Singhaniyom W, Tsai Y F, Brücke T, McLellan C A, Cohen R M, Kung H F, Chiueh C C
Section on Clinical Brain Imaging, National Institute of Mental Health, Bethesda, MD 20892-1000.
Brain Res. 1988 Jun 21;453(1-2):393-6. doi: 10.1016/0006-8993(88)90186-2.

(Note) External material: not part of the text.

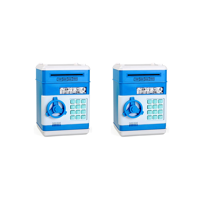 Копилка "Сейф" синяя голубая интерактивная, банкомат для денег и монет с замком и купюроприемником (Набор 2 шт.)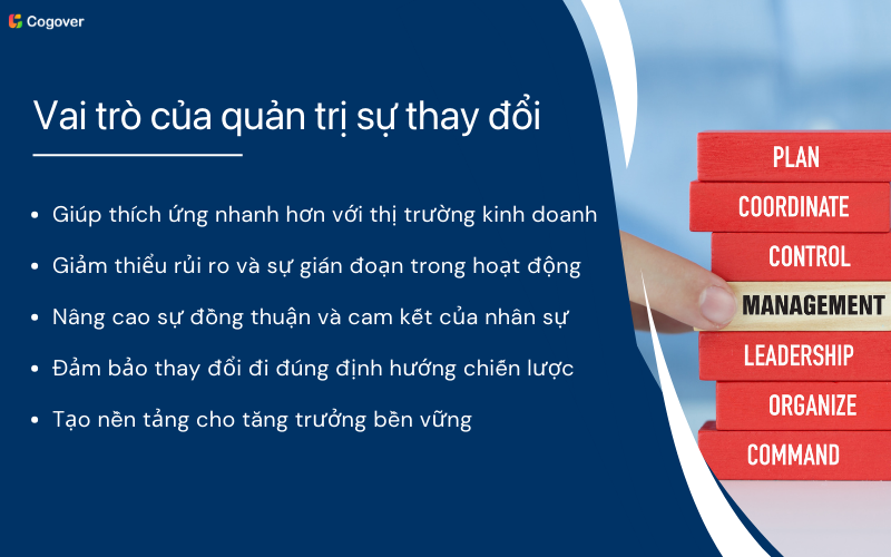Quản trị sự thay đổi đóng vai trò quan trọng trong việc giúp doanh nghiệp kiểm soát và triển khai các hoạt động chuyển đổi một cách hiệu quả. Dưới đây là một số vai trò mà quản trị sự thay đổi mang lại cho doanh nghiệp:

The in vivo binding of [125I]3-iodobenzamide (IBZM), a substituted benzamide, to DA receptor binding sites in the caudate nucleus, nucleus accumbens, and olfactory tubercle was investigated by using ex vivo autoradiography. The in vivo binding of IBZM seems to be selective to D2 dopamine receptors, since the binding was blocked by pretreatment of animals with D2 agonist LY-171555 or antagonist YM-09151-2. Furthermore, in vitro binding assays in striatal membranes confirmed that IBZM binding was highly selective to D2 sites. Thus, IBZM, when labeled with 123I (T1/2: 13h; 159 kev), could be a potential ligand for imaging D2 dopamine receptors by single photon emission computerized tomography procedures.
通过体外放射自显影法研究了[125I]3-碘苯甲酰胺(IBZM),一种取代苯甲酰胺,在体内与尾状核、伏隔核和嗅结节中多巴胺(DA)受体结合位点的结合情况。IBZM在体内的结合似乎对D2多巴胺受体具有选择性,因为用D2激动剂LY-171555或拮抗剂YM-09151-2预处理动物可阻断这种结合。此外,纹状体膜的体外结合试验证实,IBZM的结合对D2位点具有高度选择性。因此,当用123I(半衰期:13小时;159千电子伏特)标记时,IBZM可能是一种通过单光子发射计算机断层扫描程序对D2多巴胺受体进行成像的潜在配体。